Fragmentos de @flabrito

20/04/2012



E nesse hábito meu de escancarar doçuras, tudo vira afeto - mesmo o que ainda não existe.

O que adoece a lucidez da gente é tentar fazer sentido demais.

A verdade é que eu não seria a mesma sem as minhas (des)ilusões.

Eu até queria me desapaixonar. Uma vez. Só para saber como é ter um coração só meu.

Por que não acredito em amor à primeira vista? Porque não acredito que amor seja reconhecimento e sim, conhecimento. Intimidade. Porque acredito que o amor seja um sobrevivente - à rotina, aos defeitos, ao nosso lado B. Um insistente que nos vence pelo cansaço. Um descrente que, também vencido pelo cansaço, aceita segurar a nossa mão quando percebe que se entregar ainda vale a pena.

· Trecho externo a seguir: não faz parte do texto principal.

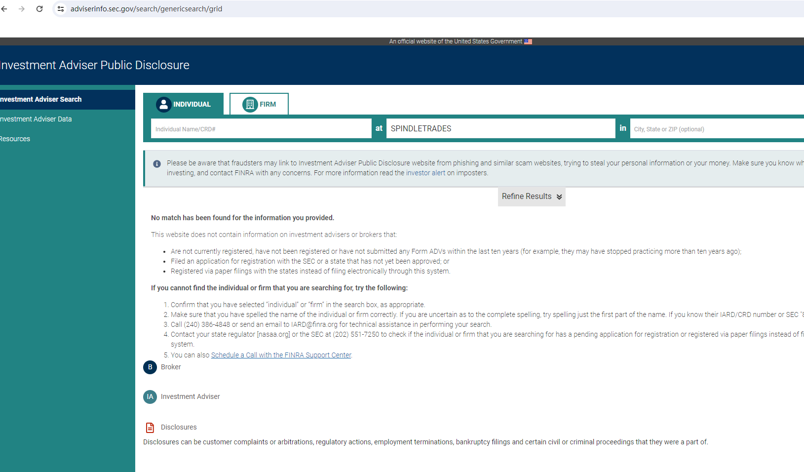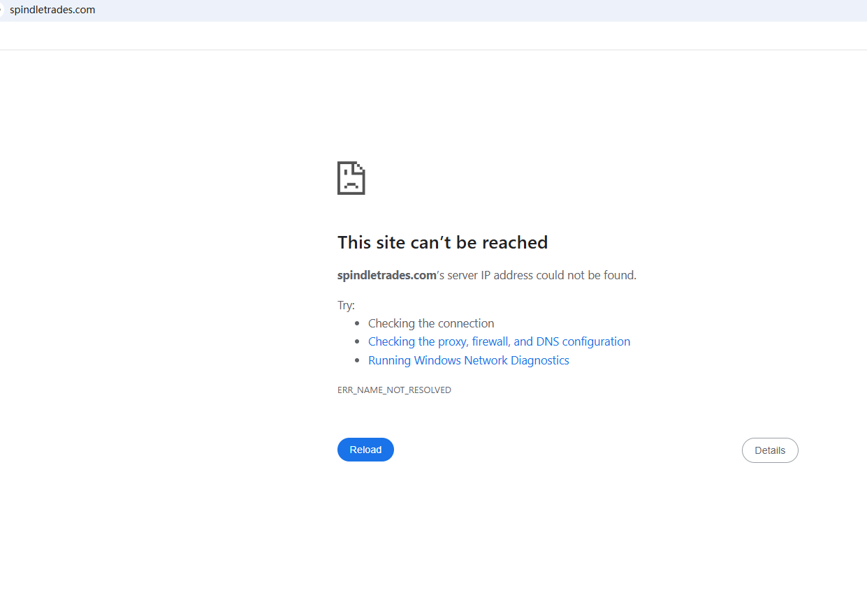 BrokersView found that the domain "https://spindletrades.com/" is currently inaccessible. This is widely regarded as a significant red flag, as the suspension of a broker's website often points to underlying regulatory or operational issues.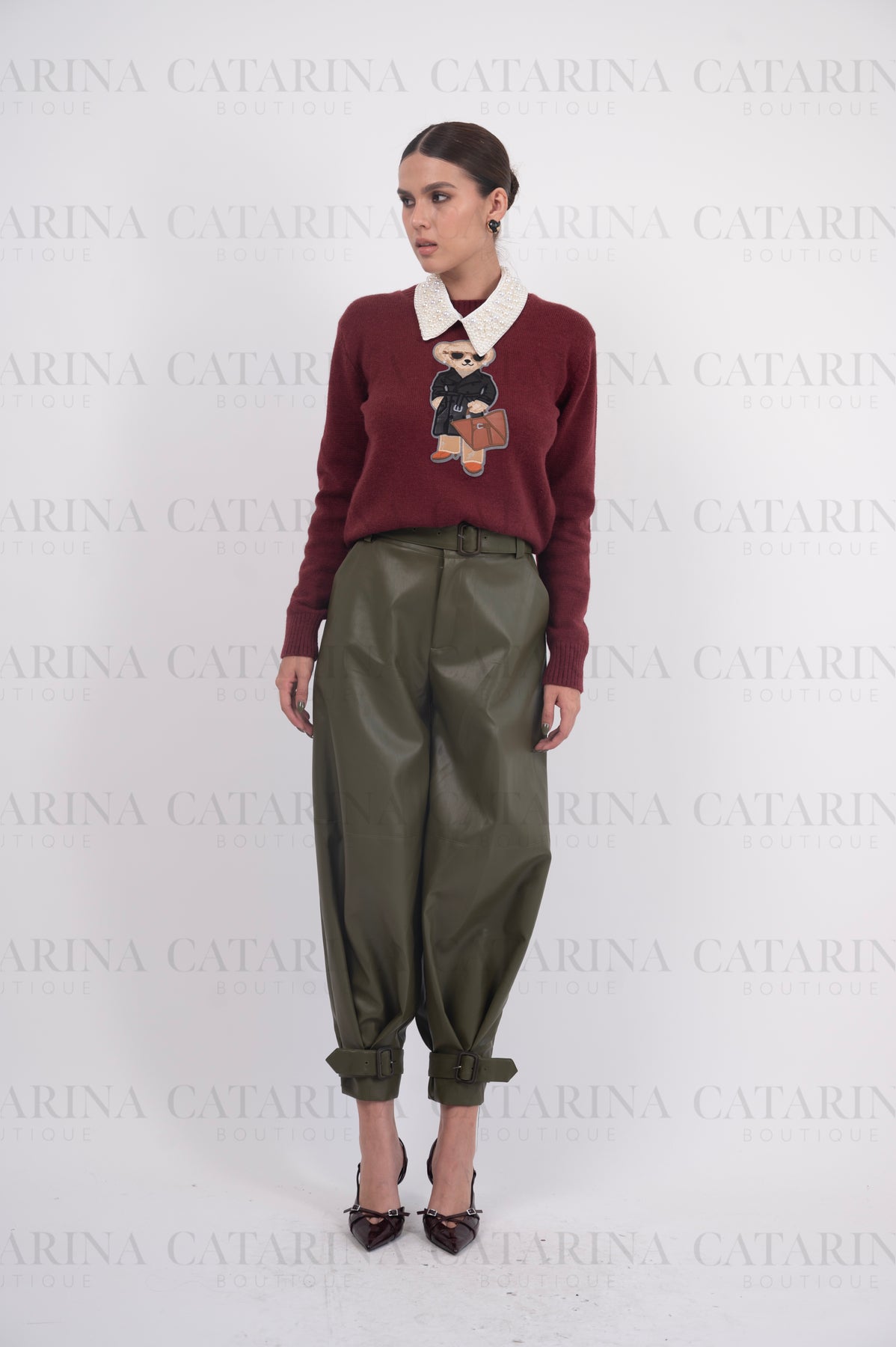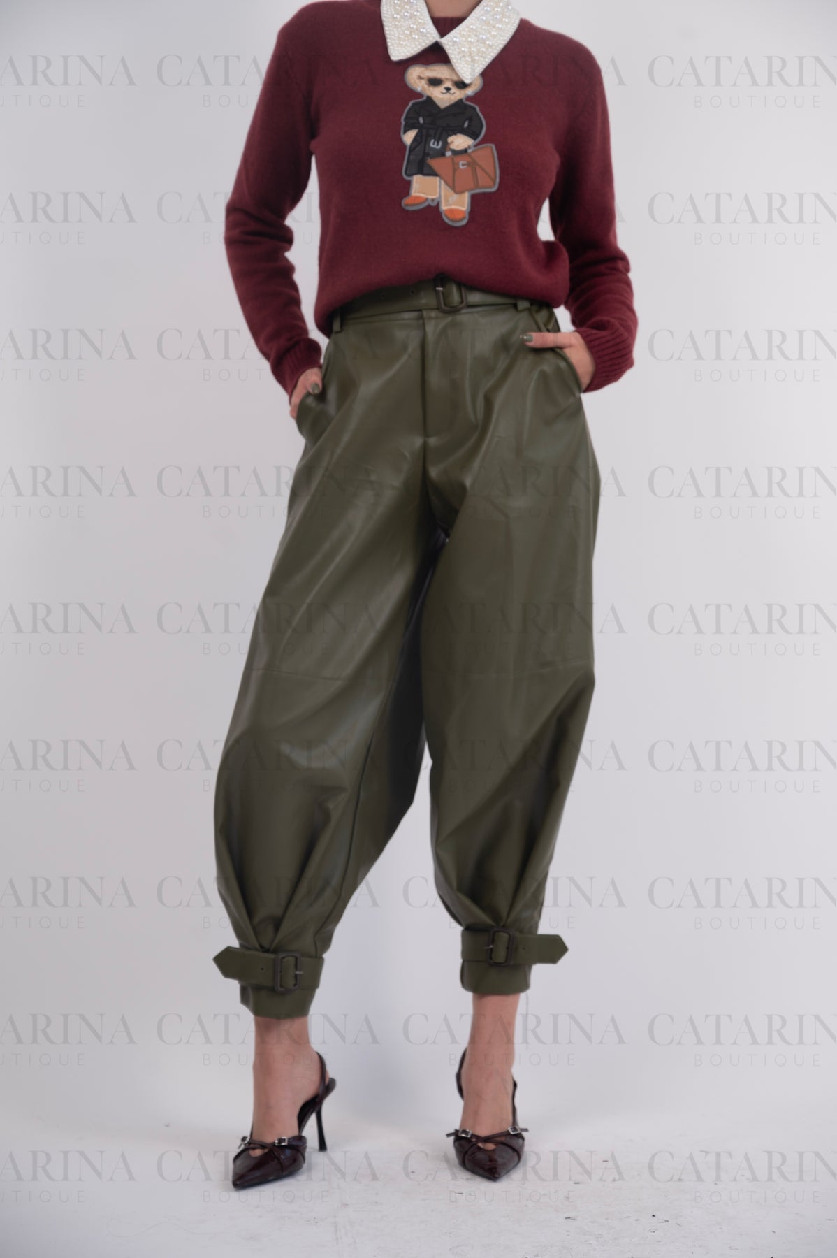 Pantalón de corte suelto y holgado tipo harem. Acabado mate. Presenta una cintura elástica para un ajuste cómodo y un puño en el tobillo, creando un efecto abombado.

Amor não é, necessariamente, o que você sente. Amor é, essencialmente, o que você pratica.

E cada um de nós se empenha tanto em procurar a pessoa certa, e quer tanto reconhecê-la em meio aos demais, que se esquece de se tornar a pessoa certa para si mesmo.
Não, verdades não são relativas. Verdades são verdades. Relativo é o que fazemos com elas.

Amor só rima com dor enquanto a gente permite.

Aí você submete toda a sua vida a uma revista mental para tentar descobrir o que fez de tão errado para merecer determinadas coisas. E, ao invés de se revoltar porque não merece, você respira fundo, vai em frente e até agradece, porque sabe que aí tem o dedo de Deus te fazendo passar por um treinamento que fortalecerá ainda mais o seu caráter.

Cheguei hoje naquele momento de cortar o cordão. Porque desapegar não é difícil. Difícil é reconhecer que é hora para isso.

E se apenas eventualmente for lembrar de mim, me esqueça. O que não é inteiro não me interessa.

Um passo por vez. Mesmo que meu coração corra uma maratona por dia.

Não sou o tipo de pessoa que enlouquece de amor. Sou o tipo de pessoa que já acreditou que amava loucamente mas aprendeu que amor não enlouquece: sereniza.

Só acredito (absor)vendo.

O que adoece a lucidez da gente é esse vício besta de procurar sentido em tudo. Pra quê? Deixa não fazer sentido. Deixa e vai lá fora viver.

Tem jeito de chuva fininha em fim de tarde solar isso que eu sinto e que é meio saudade, meio vontade. Coisa mais linda.

A gente anda tão dependente de relacionamentos que muitas vezes confunde estar apaixonado com querer estar apaixonado - por um medo irracional da solidão ou do preconceito subliminar que determina ser socialmente inaceitável estar só e ser feliz assim.

Flávia Brito 
Um impulso largado num largo pulso. E eu vivo tentando me convencer de que é melhor parar com essa coisa de ser gente superlativa e adotar uma postura mais blasé diante da vida. Eu me digo "agora já deu, daqui pra frente vai ser tudo diferente". E, cinco minutos depois, eu desisto da minha própria desistência. Porque eu estou para racionalizar e fracionar as emoções assim como a vida está para ser previsível: são coisas inversamente proporcionais, absolutamente incompatíveis. Eu gosto da trabalheira que dá esse vrummm no peito, causa e efeito do meu coração acelerado ad infinitum. Entende? Eu não tenho opção, foi a intensidade quem me escolheu. Há uma alma rebelde a contenções morando dentro de mim, e eu não mando nela.